Your task
Range to output from the entries below: the line containing "وَقَال حماد بْن" through the line containing "Jésus porte un". Set it down exactly, ends included, nothing else.

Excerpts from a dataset
────

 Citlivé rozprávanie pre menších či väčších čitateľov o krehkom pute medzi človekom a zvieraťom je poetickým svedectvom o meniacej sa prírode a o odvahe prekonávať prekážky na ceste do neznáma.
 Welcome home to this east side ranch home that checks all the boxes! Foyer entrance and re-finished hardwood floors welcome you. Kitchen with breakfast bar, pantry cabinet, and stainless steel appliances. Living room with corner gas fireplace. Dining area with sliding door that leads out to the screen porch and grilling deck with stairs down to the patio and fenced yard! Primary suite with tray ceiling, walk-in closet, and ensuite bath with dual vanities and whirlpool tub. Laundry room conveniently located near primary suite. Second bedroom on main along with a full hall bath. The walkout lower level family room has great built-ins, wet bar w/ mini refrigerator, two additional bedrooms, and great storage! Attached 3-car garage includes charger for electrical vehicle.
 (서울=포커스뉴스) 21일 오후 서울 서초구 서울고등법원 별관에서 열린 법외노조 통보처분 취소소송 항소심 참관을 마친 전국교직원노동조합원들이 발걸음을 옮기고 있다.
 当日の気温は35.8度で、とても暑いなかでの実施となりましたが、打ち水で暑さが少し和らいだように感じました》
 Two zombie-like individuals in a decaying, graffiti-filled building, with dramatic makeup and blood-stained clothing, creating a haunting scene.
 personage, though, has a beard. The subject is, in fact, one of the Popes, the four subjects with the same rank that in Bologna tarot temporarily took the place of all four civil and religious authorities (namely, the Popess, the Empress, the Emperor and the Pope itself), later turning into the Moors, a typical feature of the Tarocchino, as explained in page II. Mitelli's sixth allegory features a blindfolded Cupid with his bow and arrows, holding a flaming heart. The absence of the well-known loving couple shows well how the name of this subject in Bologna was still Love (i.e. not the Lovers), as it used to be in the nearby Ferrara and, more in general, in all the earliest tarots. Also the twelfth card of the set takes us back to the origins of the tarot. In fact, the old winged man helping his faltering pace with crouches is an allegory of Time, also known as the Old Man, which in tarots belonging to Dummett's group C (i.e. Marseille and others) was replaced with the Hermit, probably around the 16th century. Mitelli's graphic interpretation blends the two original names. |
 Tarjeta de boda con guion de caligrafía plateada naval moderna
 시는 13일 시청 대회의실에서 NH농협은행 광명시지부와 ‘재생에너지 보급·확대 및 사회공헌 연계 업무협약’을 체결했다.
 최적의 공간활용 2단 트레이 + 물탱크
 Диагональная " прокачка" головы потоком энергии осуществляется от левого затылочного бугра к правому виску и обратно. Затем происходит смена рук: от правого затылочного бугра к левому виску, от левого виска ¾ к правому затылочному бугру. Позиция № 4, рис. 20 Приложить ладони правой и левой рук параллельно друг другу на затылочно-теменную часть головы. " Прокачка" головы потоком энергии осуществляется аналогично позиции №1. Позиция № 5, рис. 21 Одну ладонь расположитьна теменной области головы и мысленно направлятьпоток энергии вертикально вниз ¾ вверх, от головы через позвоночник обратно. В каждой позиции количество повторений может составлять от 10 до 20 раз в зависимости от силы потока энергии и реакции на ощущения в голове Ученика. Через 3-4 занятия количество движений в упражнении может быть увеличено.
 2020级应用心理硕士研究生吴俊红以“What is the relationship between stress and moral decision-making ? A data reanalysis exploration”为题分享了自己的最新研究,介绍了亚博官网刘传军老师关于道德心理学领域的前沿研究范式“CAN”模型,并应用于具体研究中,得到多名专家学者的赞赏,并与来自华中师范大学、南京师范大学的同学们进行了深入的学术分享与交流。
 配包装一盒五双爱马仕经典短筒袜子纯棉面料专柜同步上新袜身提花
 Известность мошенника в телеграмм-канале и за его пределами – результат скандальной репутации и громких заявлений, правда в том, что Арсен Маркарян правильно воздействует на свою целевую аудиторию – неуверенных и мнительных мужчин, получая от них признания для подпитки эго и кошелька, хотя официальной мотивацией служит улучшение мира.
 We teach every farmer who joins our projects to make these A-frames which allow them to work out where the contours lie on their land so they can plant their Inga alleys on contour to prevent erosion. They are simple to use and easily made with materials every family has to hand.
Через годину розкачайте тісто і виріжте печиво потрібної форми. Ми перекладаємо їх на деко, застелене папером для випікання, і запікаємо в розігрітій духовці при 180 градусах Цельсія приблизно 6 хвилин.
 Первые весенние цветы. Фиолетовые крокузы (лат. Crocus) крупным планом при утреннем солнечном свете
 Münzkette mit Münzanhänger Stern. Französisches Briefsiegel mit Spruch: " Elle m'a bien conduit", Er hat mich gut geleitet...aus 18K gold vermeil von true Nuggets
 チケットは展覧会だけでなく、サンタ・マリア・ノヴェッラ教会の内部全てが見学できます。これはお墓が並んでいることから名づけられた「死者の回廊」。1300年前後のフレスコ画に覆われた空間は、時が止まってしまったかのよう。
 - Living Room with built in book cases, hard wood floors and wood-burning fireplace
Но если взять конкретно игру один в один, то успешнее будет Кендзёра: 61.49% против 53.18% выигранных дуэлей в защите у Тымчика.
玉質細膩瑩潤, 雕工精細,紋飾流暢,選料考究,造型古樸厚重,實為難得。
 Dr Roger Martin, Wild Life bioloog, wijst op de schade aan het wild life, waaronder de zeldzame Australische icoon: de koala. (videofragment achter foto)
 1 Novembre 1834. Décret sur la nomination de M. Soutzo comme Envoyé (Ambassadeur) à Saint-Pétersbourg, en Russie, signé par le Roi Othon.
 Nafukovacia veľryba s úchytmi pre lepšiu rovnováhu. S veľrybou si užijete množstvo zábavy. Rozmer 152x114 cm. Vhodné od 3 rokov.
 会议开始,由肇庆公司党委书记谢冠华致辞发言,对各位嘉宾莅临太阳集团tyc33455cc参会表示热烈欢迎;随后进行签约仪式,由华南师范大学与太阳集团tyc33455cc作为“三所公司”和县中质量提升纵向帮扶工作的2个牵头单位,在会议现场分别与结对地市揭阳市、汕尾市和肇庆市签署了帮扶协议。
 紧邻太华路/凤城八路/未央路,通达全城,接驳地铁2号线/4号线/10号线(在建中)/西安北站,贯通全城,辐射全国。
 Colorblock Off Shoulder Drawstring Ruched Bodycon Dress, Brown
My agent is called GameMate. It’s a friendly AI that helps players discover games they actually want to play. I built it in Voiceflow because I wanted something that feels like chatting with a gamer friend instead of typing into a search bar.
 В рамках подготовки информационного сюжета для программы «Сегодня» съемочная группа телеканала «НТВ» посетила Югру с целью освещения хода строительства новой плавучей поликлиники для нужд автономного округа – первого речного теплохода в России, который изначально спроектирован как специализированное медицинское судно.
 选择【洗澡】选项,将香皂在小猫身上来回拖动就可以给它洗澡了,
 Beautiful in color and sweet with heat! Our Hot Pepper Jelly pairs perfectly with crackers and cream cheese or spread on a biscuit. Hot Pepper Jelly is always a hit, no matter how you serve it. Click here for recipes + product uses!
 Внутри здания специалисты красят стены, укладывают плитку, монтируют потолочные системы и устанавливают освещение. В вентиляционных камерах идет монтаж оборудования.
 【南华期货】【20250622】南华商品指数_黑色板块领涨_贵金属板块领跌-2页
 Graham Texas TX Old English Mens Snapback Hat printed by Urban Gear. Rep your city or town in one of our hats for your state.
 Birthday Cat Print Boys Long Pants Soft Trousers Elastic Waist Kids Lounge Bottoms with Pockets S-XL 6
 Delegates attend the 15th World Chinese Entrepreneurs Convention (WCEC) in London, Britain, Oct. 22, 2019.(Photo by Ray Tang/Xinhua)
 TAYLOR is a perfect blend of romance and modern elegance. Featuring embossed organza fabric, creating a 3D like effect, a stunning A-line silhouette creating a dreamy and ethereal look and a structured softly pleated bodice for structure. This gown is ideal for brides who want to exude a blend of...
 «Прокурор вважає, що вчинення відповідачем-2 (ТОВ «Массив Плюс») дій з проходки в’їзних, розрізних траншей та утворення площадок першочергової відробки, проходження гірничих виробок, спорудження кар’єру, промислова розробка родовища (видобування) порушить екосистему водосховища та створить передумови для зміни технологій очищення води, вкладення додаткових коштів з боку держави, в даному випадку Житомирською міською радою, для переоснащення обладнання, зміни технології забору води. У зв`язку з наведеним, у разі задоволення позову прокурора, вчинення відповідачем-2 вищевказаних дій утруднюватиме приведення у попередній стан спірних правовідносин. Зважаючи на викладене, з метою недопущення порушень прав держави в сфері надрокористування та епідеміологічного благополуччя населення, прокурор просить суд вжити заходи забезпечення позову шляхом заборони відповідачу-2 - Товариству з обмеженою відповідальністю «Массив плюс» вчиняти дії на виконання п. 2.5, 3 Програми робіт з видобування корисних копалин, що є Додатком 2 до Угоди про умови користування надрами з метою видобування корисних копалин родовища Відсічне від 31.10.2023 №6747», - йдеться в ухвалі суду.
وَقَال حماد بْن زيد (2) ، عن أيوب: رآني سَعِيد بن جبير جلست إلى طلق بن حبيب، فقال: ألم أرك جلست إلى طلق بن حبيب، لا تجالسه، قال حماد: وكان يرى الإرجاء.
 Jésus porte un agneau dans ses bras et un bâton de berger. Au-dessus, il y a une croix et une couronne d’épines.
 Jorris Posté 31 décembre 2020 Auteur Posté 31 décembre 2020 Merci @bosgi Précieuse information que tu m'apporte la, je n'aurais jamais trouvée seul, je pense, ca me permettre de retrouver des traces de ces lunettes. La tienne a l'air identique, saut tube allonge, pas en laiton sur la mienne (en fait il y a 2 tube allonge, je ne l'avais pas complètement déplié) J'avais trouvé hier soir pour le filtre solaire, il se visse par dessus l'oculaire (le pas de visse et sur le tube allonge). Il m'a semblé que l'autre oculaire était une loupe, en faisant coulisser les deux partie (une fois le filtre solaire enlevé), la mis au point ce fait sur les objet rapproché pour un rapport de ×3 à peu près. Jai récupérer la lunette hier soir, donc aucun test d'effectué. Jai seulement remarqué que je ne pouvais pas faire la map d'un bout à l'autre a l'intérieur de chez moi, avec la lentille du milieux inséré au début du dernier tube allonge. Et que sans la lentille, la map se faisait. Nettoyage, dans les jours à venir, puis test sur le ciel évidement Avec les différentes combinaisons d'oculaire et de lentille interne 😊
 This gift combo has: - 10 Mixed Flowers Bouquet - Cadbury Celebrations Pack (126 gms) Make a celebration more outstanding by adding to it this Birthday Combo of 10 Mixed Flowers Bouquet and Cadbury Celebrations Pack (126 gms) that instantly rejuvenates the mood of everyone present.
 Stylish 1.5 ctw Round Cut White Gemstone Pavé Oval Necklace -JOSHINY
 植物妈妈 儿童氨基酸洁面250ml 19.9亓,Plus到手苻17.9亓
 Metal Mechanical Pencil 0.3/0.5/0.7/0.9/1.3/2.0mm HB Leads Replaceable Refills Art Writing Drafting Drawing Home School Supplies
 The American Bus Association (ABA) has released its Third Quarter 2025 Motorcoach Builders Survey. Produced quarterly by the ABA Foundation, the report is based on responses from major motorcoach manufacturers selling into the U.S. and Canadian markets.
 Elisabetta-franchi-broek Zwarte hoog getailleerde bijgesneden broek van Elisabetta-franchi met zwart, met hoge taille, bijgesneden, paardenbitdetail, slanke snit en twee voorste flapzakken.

────

Written answer
وَقَال حماد بْن زيد (2) ، عن أيوب: رآني سَعِيد بن جبير جلست إلى طلق بن حبيب، فقال: ألم أرك جلست إلى طلق بن حبيب، لا تجالسه، قال حماد: وكان يرى الإرجاء.
 Jésus porte un agneau dans ses bras et un bâton de berger. Au-dessus, il y a une croix et une couronne d’épines.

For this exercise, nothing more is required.